◆ **INSTRUCTIONS TO FOLLOW**
Write out all the data verbatim. Skip images.

[Stored entries]
*** Begin section ***
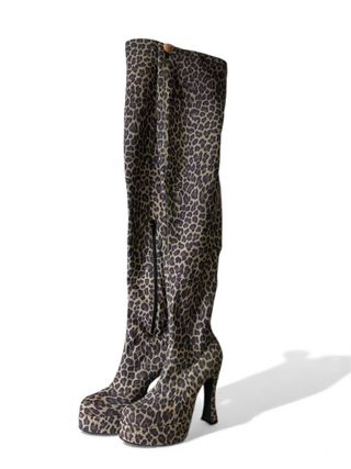 Stivali Plateau Leopardati Al Ginocchio Y2K
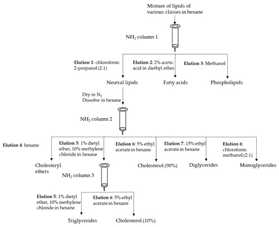 In general, single or dual organic solvent extraction, liquid–liquid extraction (LLE) and SPE are mainly used to extract, and then fractionate lipids. The main advantage of the utilization of SPE with a properly selected sorbent enables isolating particular lipid classes. A basic scheme for the fractionation of lipid classes proposed by Kaluzny et al. [24], which utilizes an NH2 column for the fractionation of a lipid mixture into fractions of different polarity, can be seen in Figure 1. SPE is commonly used for analytes enrichment, especially when they are present in a sample at a low concentration, such as eicosanoids, steroid hormones and fatty acid esters of hydroxy fatty acids. Accurate and proper fractionation of lipid classes in muscle foods analysis is required to achieve an authentic fatty acid profile appropriate for a given fraction. A traditional approach for muscle lipid separation utilized the SPE method; however, the main problem was with the neutral lipid fraction, which contains a certain amount of phospholipids. The further development of that method, changing the type, proportion, and volume of used solvents as well as the aminopropyl minicolumn size, contributed to reducing phospholipids in the first fraction to almost undetectable.
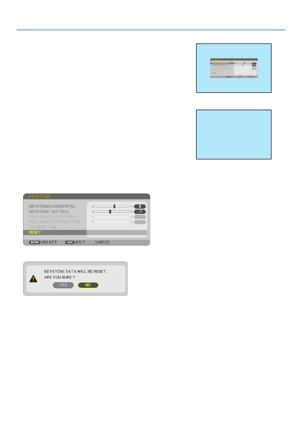 4. Press the ▲buttontoselect[KEYSTONEHORIZONTAL]andthen
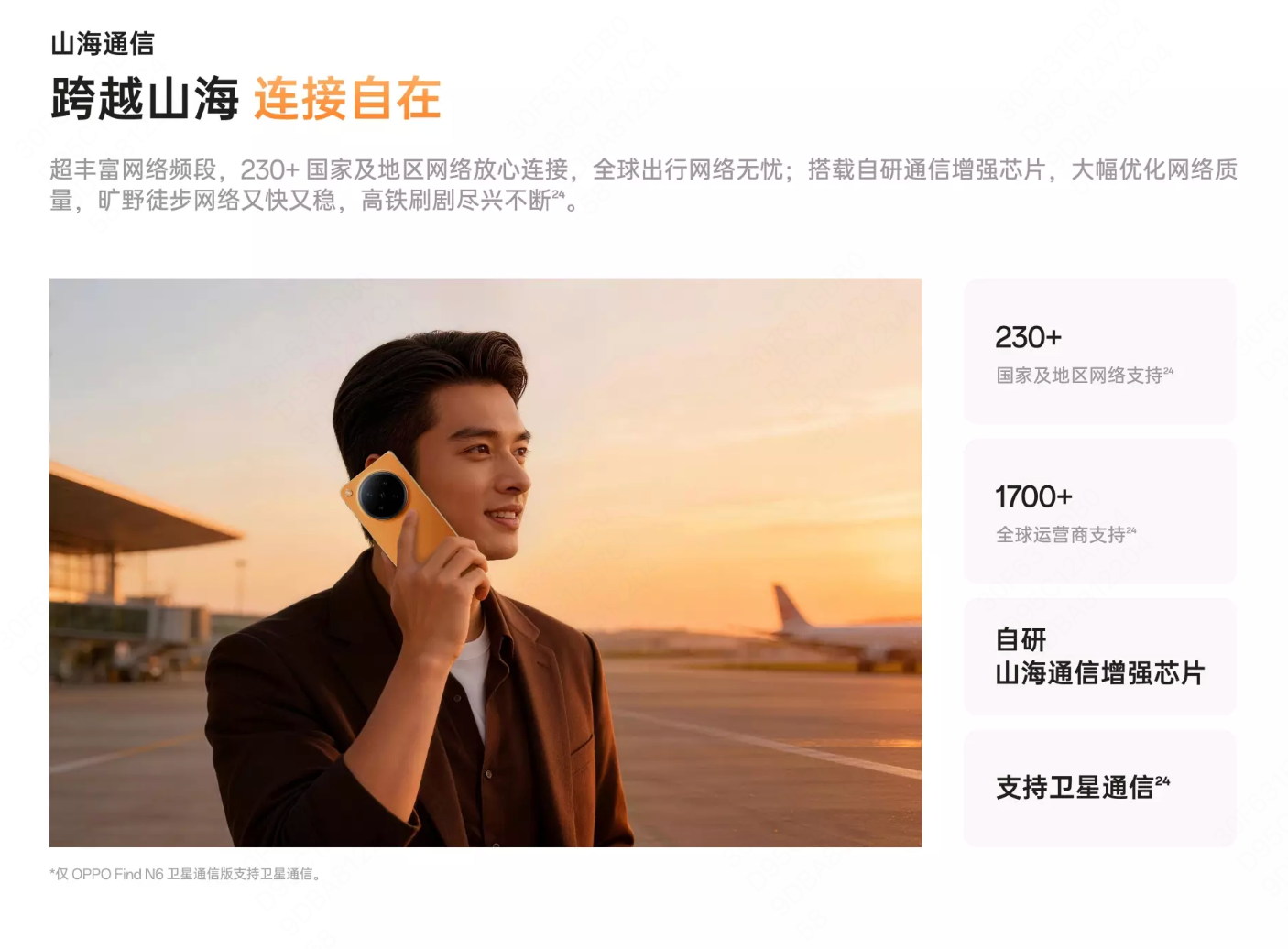 通信能力方面,OPPO Find N6搭载自研山海通信增强芯片,配合多重通信增强技术,核心频段信号强度提升100%,支持66个通信频段,覆盖全球230多个国家和地区,是目前全球支持网络频段最多的折叠屏手机,真正实现“走遍全球,一部N6就够了”。
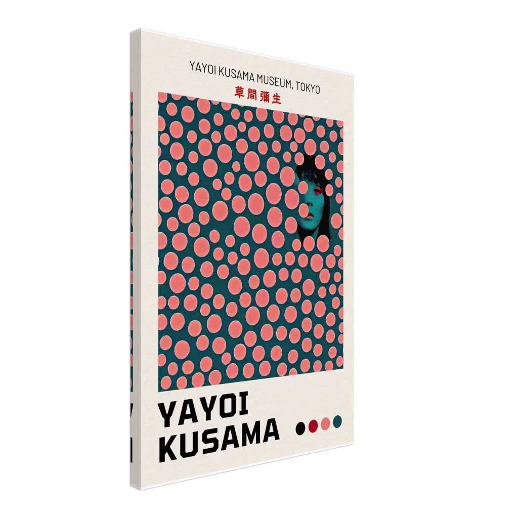 Immerse yourself in the vibrant, mesmerizing world of Yayoi Kusama with this striking canvas print. Inspired by the iconic artist and the Yayoi Kusama Museum in Tokyo, this piece features bold, contrasting polka dots and a captivating artistic style. The rich color palette of deep teal and vivid coral-pink will infuse any space with a sense of modern sophistication and playful energy. It’s more than just a print; it’s an experience, designed to bring a touch of avant-garde brilliance into your home.
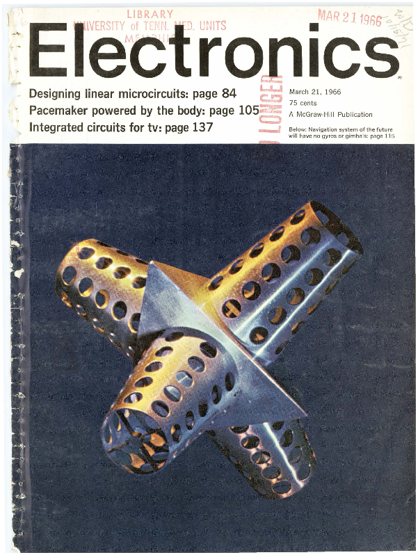 This issue of Electronics Magazine, dated March 21, 1966, delves into cutting-edge advancements in electronics. Discover articles on designing linear microcircuits, the innovative body-powered pacemaker, and the integration of circuits for television technology. Additionally, explore the future of navigation systems that aim to eliminate gyros and gimbals.
*** End section ***
◆ **OUTPUT FOR THIS TASK**
 Stivali Plateau Leopardati Al Ginocchio Y2K
 In general, single or dual organic solvent extraction, liquid–liquid extraction (LLE) and SPE are mainly used to extract, and then fractionate lipids. The main advantage of the utilization of SPE with a properly selected sorbent enables isolating particular lipid classes. A basic scheme for the fractionation of lipid classes proposed by Kaluzny et al. [24], which utilizes an NH2 column for the fractionation of a lipid mixture into fractions of different polarity, can be seen in Figure 1. SPE is commonly used for analytes enrichment, especially when they are present in a sample at a low concentration, such as eicosanoids, steroid hormones and fatty acid esters of hydroxy fatty acids. Accurate and proper fractionation of lipid classes in muscle foods analysis is required to achieve an authentic fatty acid profile appropriate for a given fraction. A traditional approach for muscle lipid separation utilized the SPE method; however, the main problem was with the neutral lipid fraction, which contains a certain amount of phospholipids. The further development of that method, changing the type, proportion, and volume of used solvents as well as the aminopropyl minicolumn size, contributed to reducing phospholipids in the first fraction to almost undetectable.
 4. Press the ▲buttontoselect[KEYSTONEHORIZONTAL]andthen
 通信能力方面,OPPO Find N6搭载自研山海通信增强芯片,配合多重通信增强技术,核心频段信号强度提升100%,支持66个通信频段,覆盖全球230多个国家和地区,是目前全球支持网络频段最多的折叠屏手机,真正实现“走遍全球,一部N6就够了”。
 Immerse yourself in the vibrant, mesmerizing world of Yayoi Kusama with this striking canvas print. Inspired by the iconic artist and the Yayoi Kusama Museum in Tokyo, this piece features bold, contrasting polka dots and a captivating artistic style. The rich color palette of deep teal and vivid coral-pink will infuse any space with a sense of modern sophistication and playful energy. It’s more than just a print; it’s an experience, designed to bring a touch of avant-garde brilliance into your home.
 This issue of Electronics Magazine, dated March 21, 1966, delves into cutting-edge advancements in electronics. Discover articles on designing linear microcircuits, the innovative body-powered pacemaker, and the integration of circuits for television technology. Additionally, explore the future of navigation systems that aim to eliminate gyros and gimbals.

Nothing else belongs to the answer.